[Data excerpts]
###

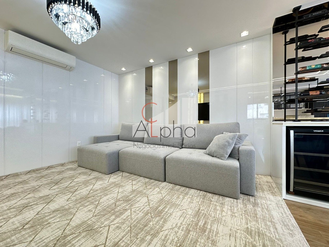 150,00 metros privativos, 280,00 total 4 Dormitórios, sendo todos suítes Sala de TV, sala de Jantar Adega Cozinha Americana com acesso à área de serviço Mobiliada e com planejados Ar condicionado
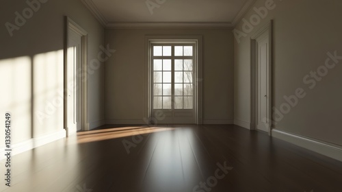 An empty room shown in a 3D image.
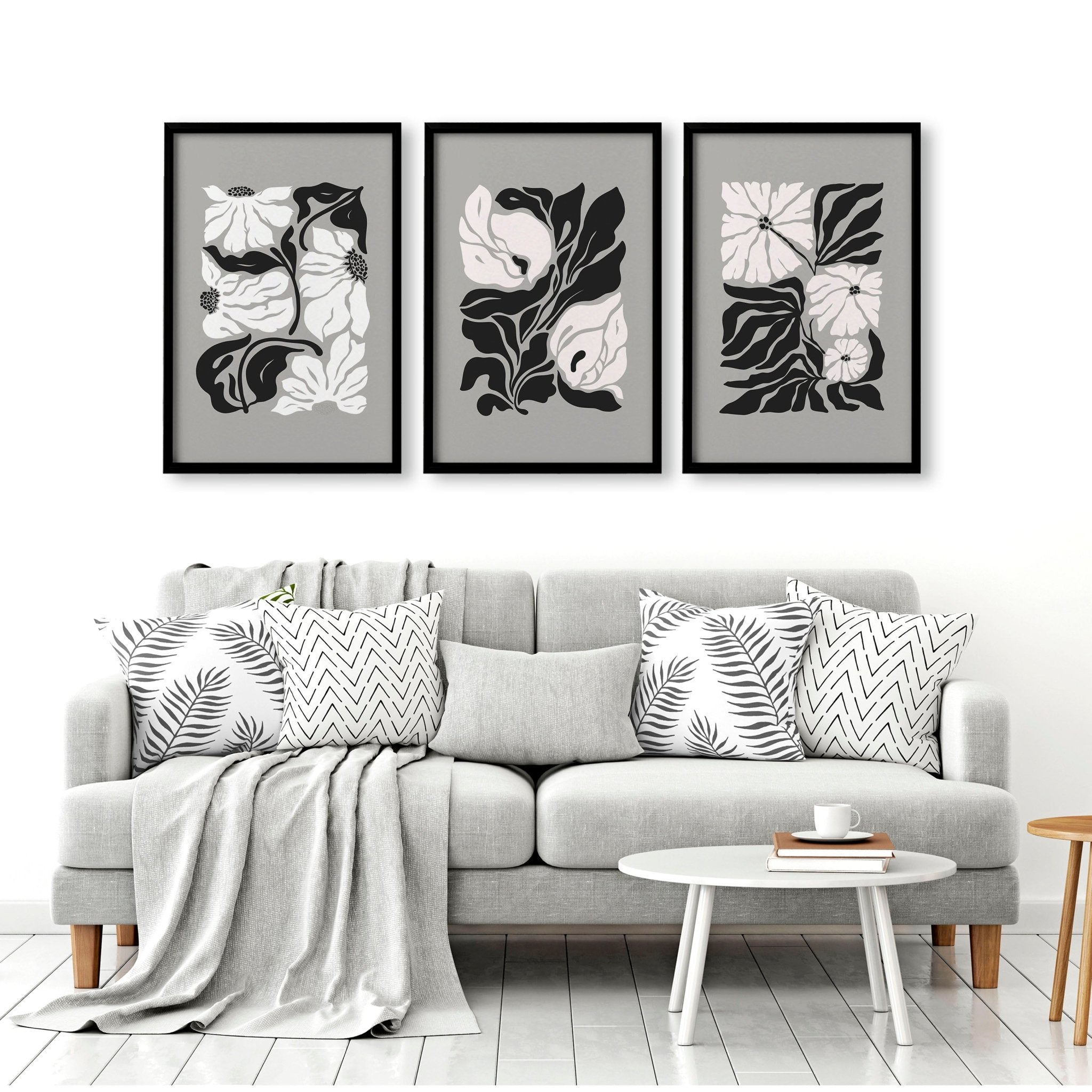 Embrace the charm of a carefully curated gallery right in your living room. The black-and-white tones of these botanical prints add a sophisticated touch, bringing balance and harmony to your home decor. Your space will feel more open, inviting everyone to relax in its serene beauty.
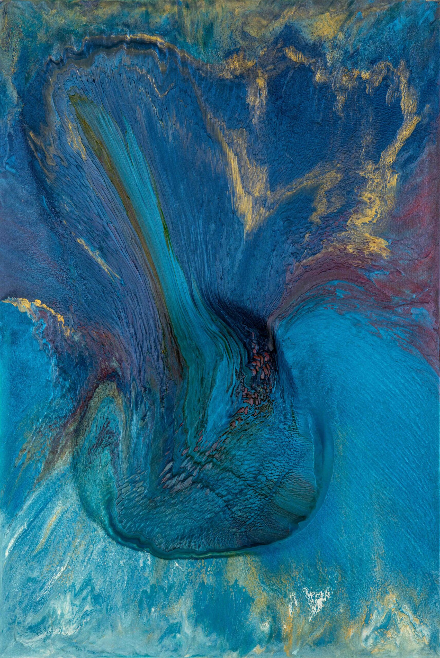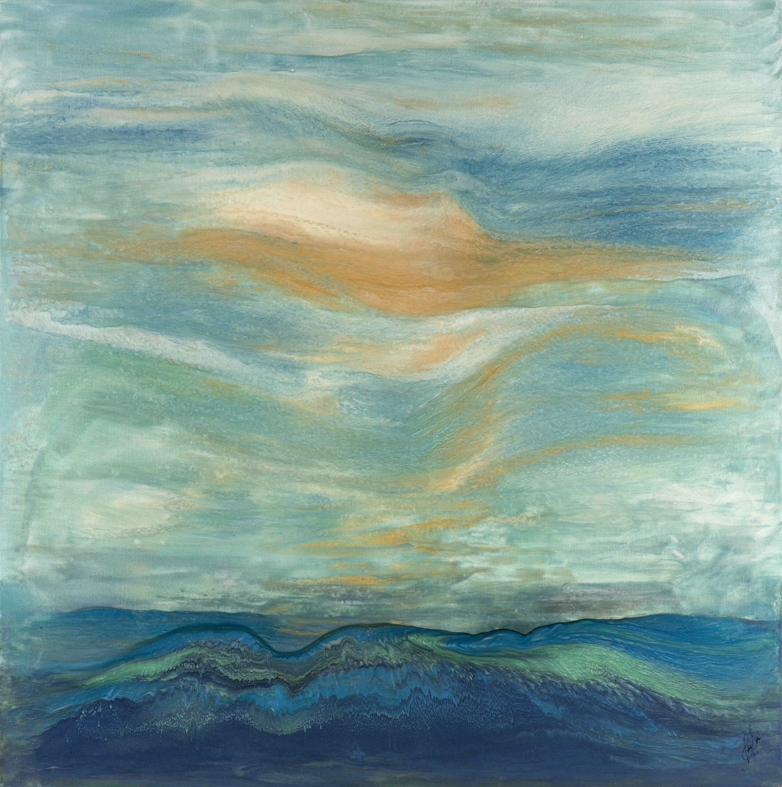 Acrylic/oil/resin pouring. 36"x36". Here are the clouds which there different shapes reflecting the colors of the Sea as the Sun pierce through the clouds
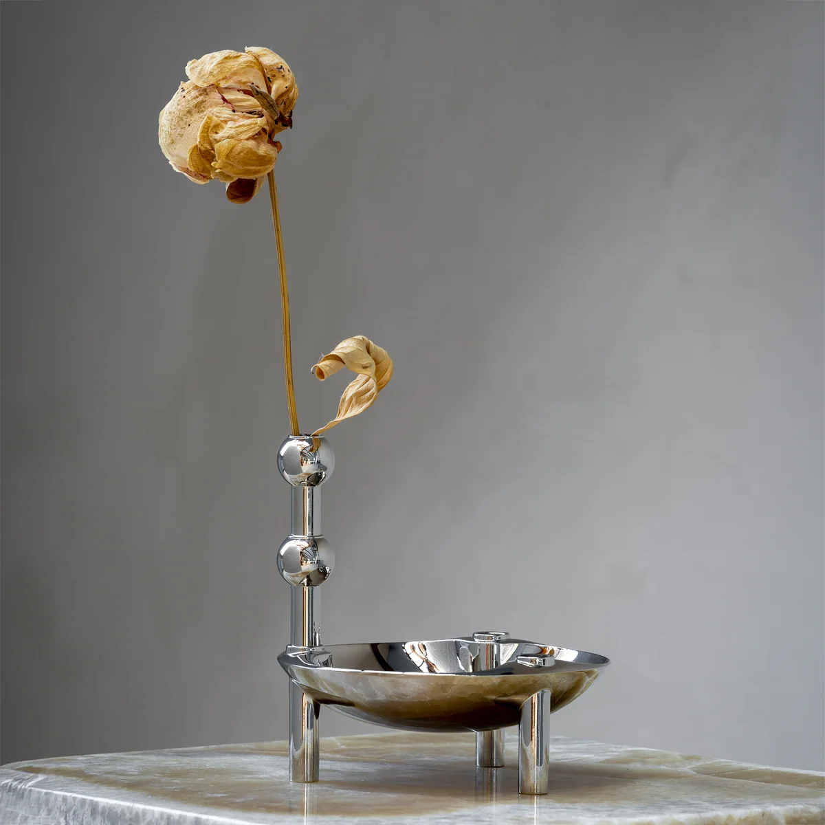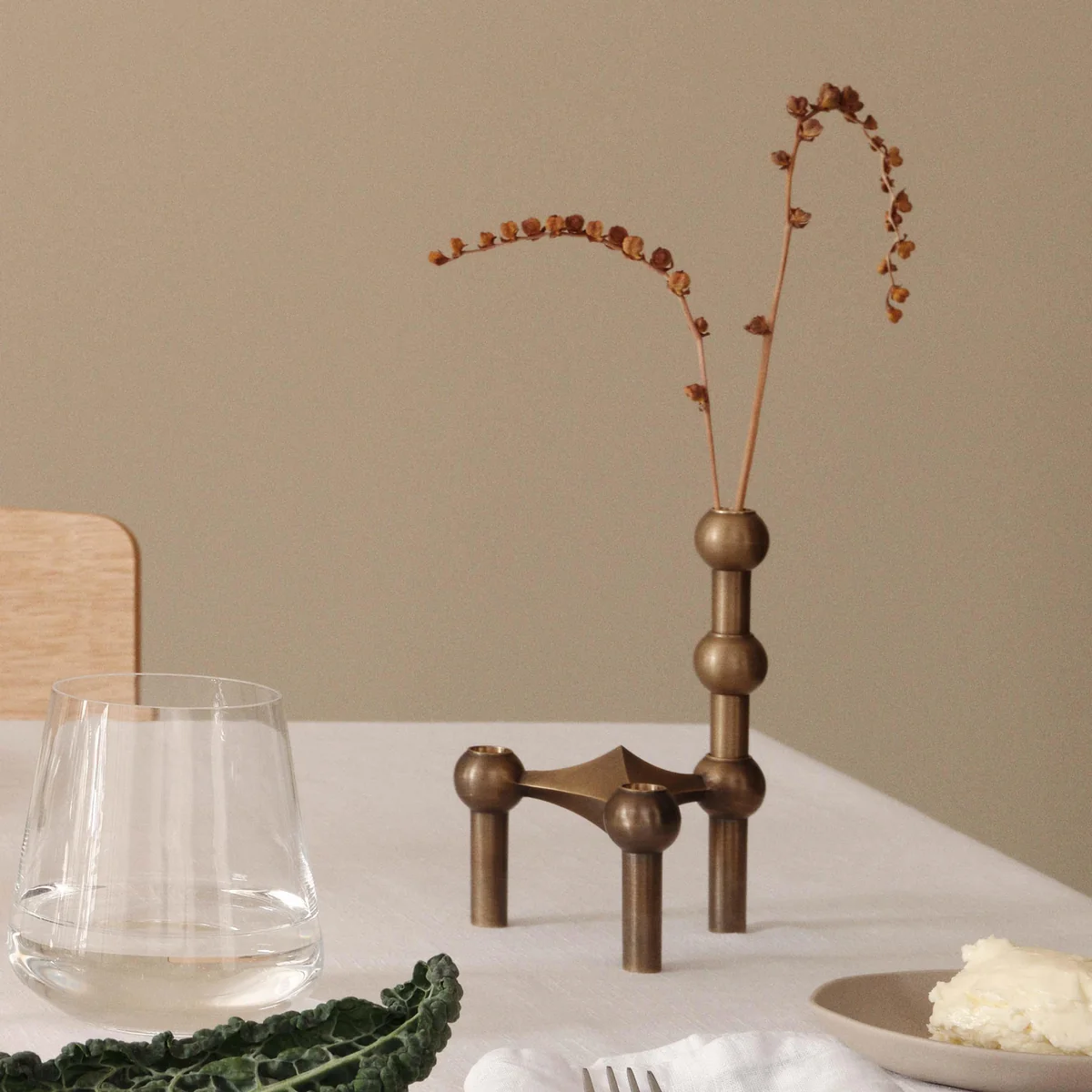 Die Vase von Stoff Nagel ist als natürliche Fortsetzung des charakteristischen Stoff Nagel-Ausdrucks konzipiert und kann sowohl an den Kerzenhaltern, der Schale als auch dem Ständer befestigt werden. Die Stoff Nagel Vase ergänzt das klassische Design um eine zusätzliche Dimension und ermöglicht es, eine farbenfrohe Blumendekoration nach Wahl in die Figur zu integrieren. Je nach Jahreszeit und Trend können sowohl frische als auch getrocknete Blumen in der Vase verwendet werden.
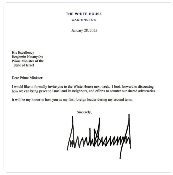 Ob Netanyahu in vorauseilendem Wunschdenken seinen Besuch bei Trump bekannt gab, bevor er eine Einladung hatte, bleibt wohl auf ewig sein Geheimnis. Jedenfalls hat er gestern die offizielle Einladung erhalten und kann am Sonntag losfliegen. Sein Besuch bei Trump findet am Dienstag statt. Der Rückflug ist für Donnerstag geplant. Genug freie Zeit also, um einen Tag in Miami mit Ehefrau und Sohn zu verbringen. Dem ersten Besucher eines neunes Präsidenten wird immer eine besondere Bedeutung zugemessen. Netanyahu wird jetzt vor Stolz platzen!
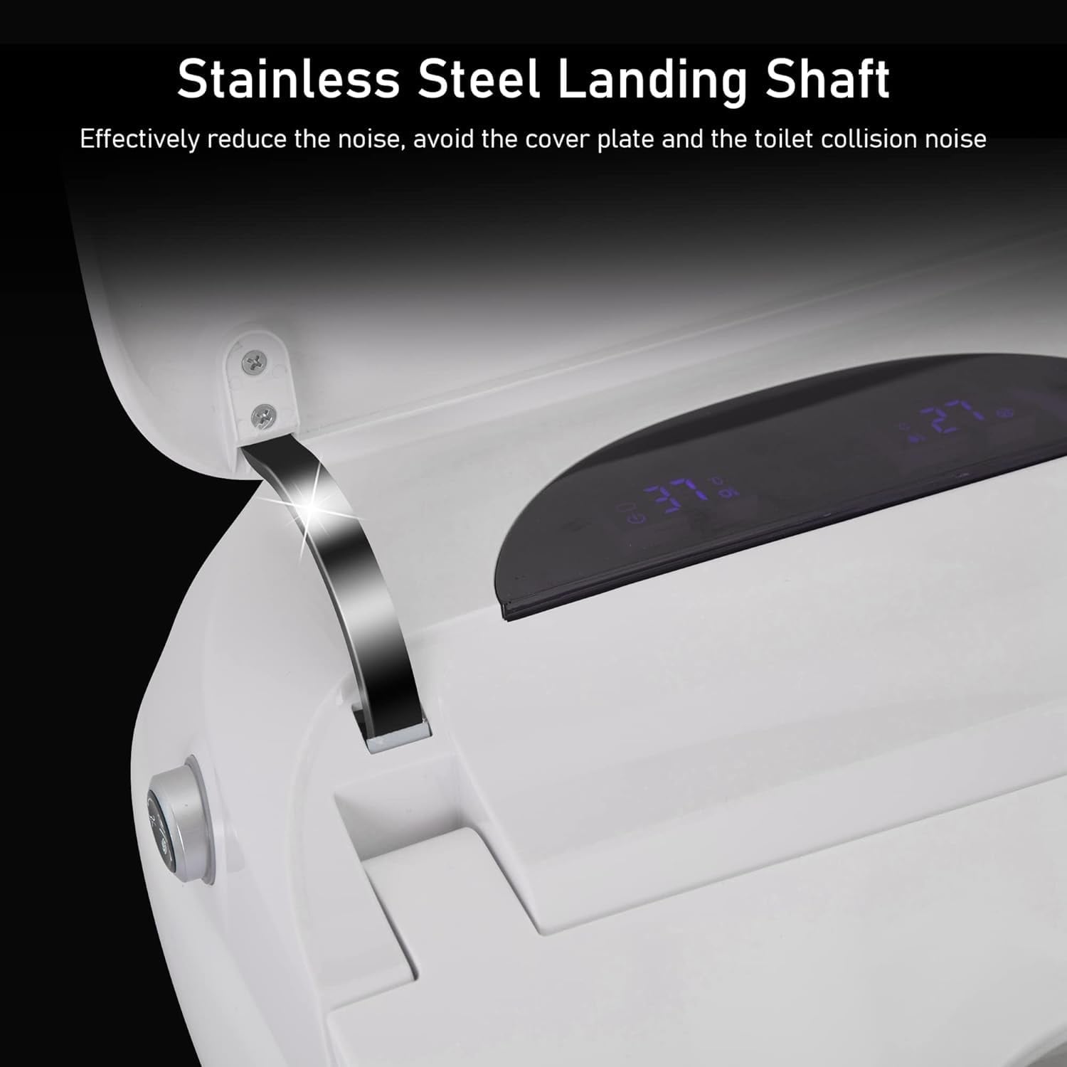- Siège chauffant confortable et affichage LED intuitif : Nos toilettes intelligentes avec sièges chauffants vous permettent de régler la température via une télécommande ou un bouton latéral, pour une expérience d'assise confortable et chaleureuse. Restez informé grâce aux mises à jour en temps réel de la température du siège et de l'eau affichées sur l'écran LED, gérées par un capteur sensible.
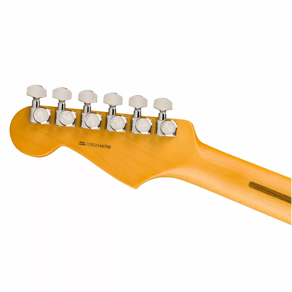 Equipped with 70th Anniversary V-Mod II Single-Coil Strat® pickups, this guitar delivers dynamic and expressive tones. The Deep “C” neck features smooth rolled fingerboard edges, “Super-Natural” satin finish and sculpted neck heel for a supremely comfortable feel and easy access to the upper register. An upgraded 2-point tremolo with a cold-rolled steel block increases sustain, clarity and high-end sparkle. Deluxe locking tuners ensure exceptional tuning stability. The American Pro II Stratocaster delivers instant familiarity and sonic versatility you’ll feel and hear right away, with broad ranging appointments that add up to nothing less than a new standard for professional instruments. The Inca Silver ABS molded case provides reliable protection for your prized instrument.
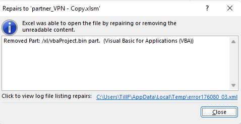 Removed Part:/xl/vbaProject.bin part. (Visual Basic fo Applications (VBA))
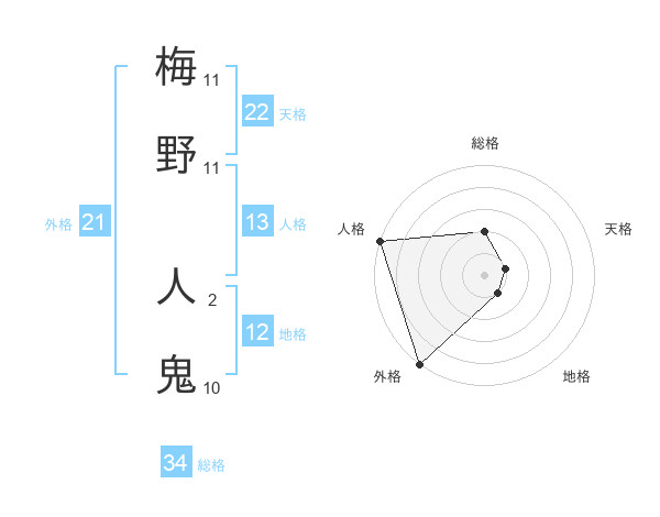 梅野 人鬼さんの外格は21画の5点!
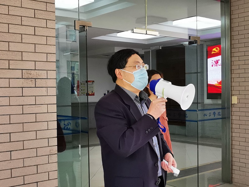 为深入贯彻落实习近平总书记关于新冠肺炎疫情防控的重要讲话精神,提升颜射合集疫情防控应急处理能力,全面做好集中返校后的师生安全保障工作,确保师生返校后良好的教育教学秩序,颜射合集于4月23日上午在徐汇校区实验12楼南侧开展疫情防控演练。颜射合集党政领导班子、全体支部书记、颜射合集疫情防控工作队伍人员60余人参与了本次演练。党委书记朱学栋主持本次演练。
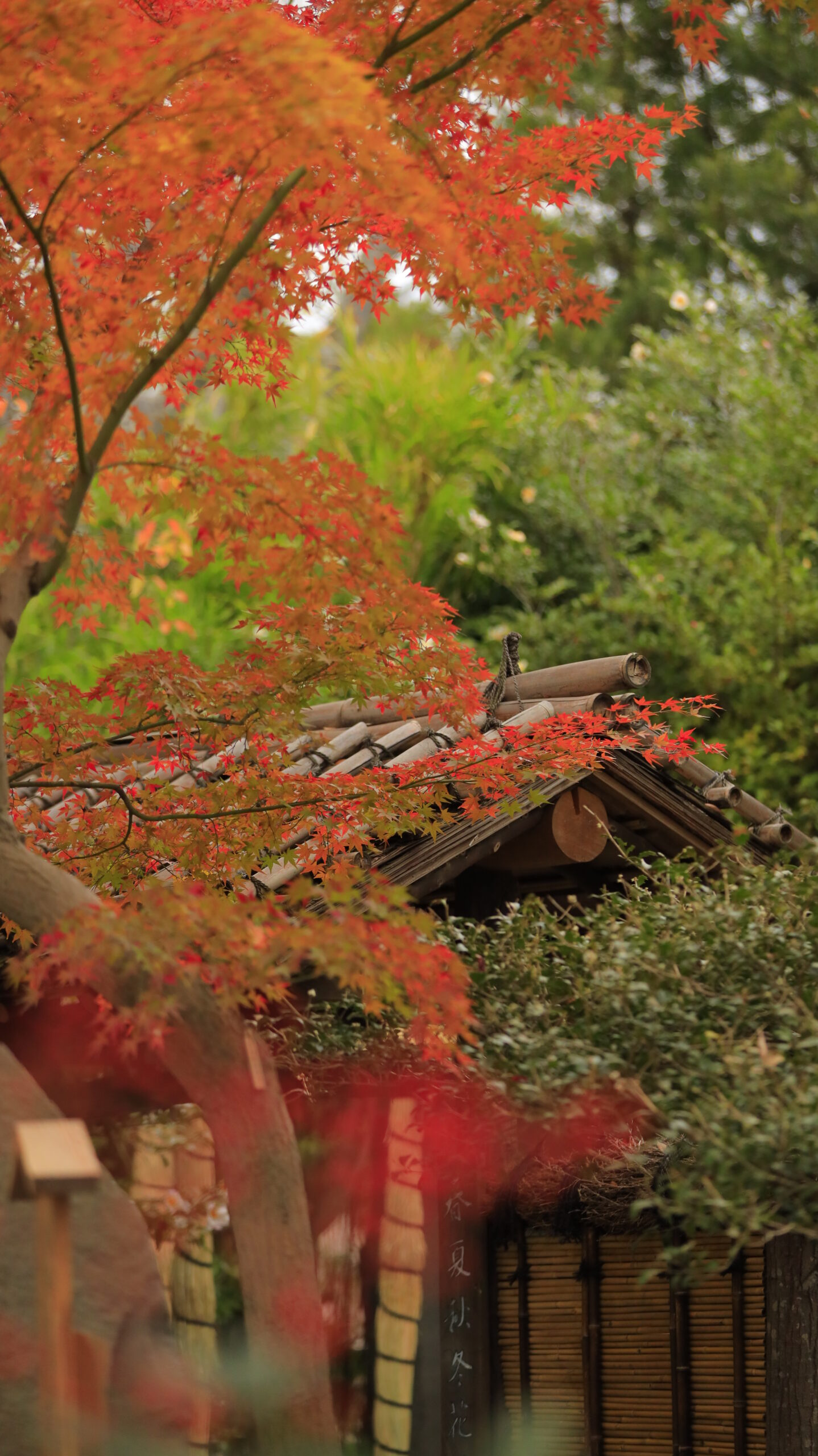 This photograph captures the autumn foliage of the maple trees spreading near the entrance at Mukojima Hyakkaen Garden.

###

* Exercise brief
Starting at the line where "梅野 人鬼さんの外格は21画の5点!" appears, restate every line through the end of the records above exactly, but omit the pictures.

* Reply to the task
 梅野 人鬼さんの外格は21画の5点!
 为深入贯彻落实习近平总书记关于新冠肺炎疫情防控的重要讲话精神,提升颜射合集疫情防控应急处理能力,全面做好集中返校后的师生安全保障工作,确保师生返校后良好的教育教学秩序,颜射合集于4月23日上午在徐汇校区实验12楼南侧开展疫情防控演练。颜射合集党政领导班子、全体支部书记、颜射合集疫情防控工作队伍人员60余人参与了本次演练。党委书记朱学栋主持本次演练。
 This photograph captures the autumn foliage of the maple trees spreading near the entrance at Mukojima Hyakkaen Garden.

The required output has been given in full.